Oddly, Elizabeth adds; "it is the people who are involved in these survival issues who are . . . proclaiming Jesus' gospel but in different words. In the circles in which we move, the way you say this is the "all-win ethic" -- you have to make decisions in which everybody will win. We know lots of people who are saying that you have to have it. I say it is the only thing that is practical today."

In many ways, the Dodson Grays are practicing what they are preaching to the whole culture. They have made a "midlife passage" from one identity to another and find their reorganized life thoroughly satisfying. While putting their daughter through college and their son through prep school, they are living frugally without any sense of loss of having "things."

"In a strange way," Elizabeth says, "when we have less, we enjoy what we have more. It is not how much we have but how much we enjoy that makes happiness."

When they inherited the Bolton Institute from its founder, Joan Martin Nicholson, an environmentalist who is now director of the office of public awareness in the Environmental Protection Agency, they were told they would have to spend 60 percent of their time raising money. They opted instead to move the "institute" -- really just a legal shell, some typewriters and file cases -- up to Wellesley, to phase out its remaining government contract, and to run Bolton on a shoestring as a mom-and-pop think tank out of their home -- a work location that they believe will be much more widespread in future decades.

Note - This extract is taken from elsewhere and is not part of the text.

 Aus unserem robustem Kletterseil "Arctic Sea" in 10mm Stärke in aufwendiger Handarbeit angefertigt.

They moved the institute to Wellesley from Westboro to save 123 miles of daily commuting. They recycle their trash at the Wellesley town dump; they save on home fuel by "harvesting" the solar energy that pours into their living room/office. And David occasionally exercises his privileges as an ordained minister to marry couples -- right in this same all-purpose room.

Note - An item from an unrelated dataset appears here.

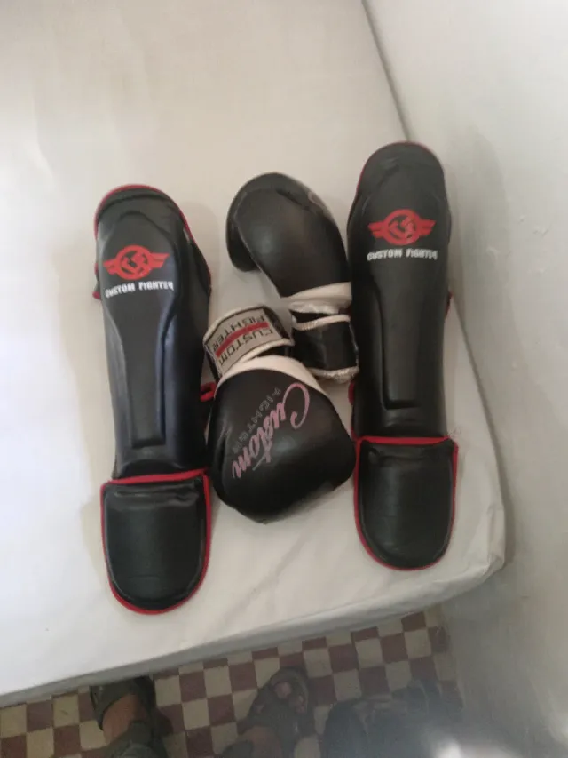 - Guantes de boxeo negros con detalles rojos.

And it would be hard to find a happier, busier, more congenial married couple. For the Dodson Grays, less has come to seem like more.

Society, David believes, is also being called upon now to draw on its inner resources, in what he calls this "spiritual crisis . . . so that people won't judge progress anymore by the number of things they have or how much money they have put aside but by the quality of life and the meaningfulness of their days.

"If we continue the great American foot-race for the top of the economic heap , there are going to be more of us who aren't going to make it in that race," he says. "I love the way they talk about the Boston marathon -- "the race in which everyone is a winner.' We are going to have to organize things so that they can be like that."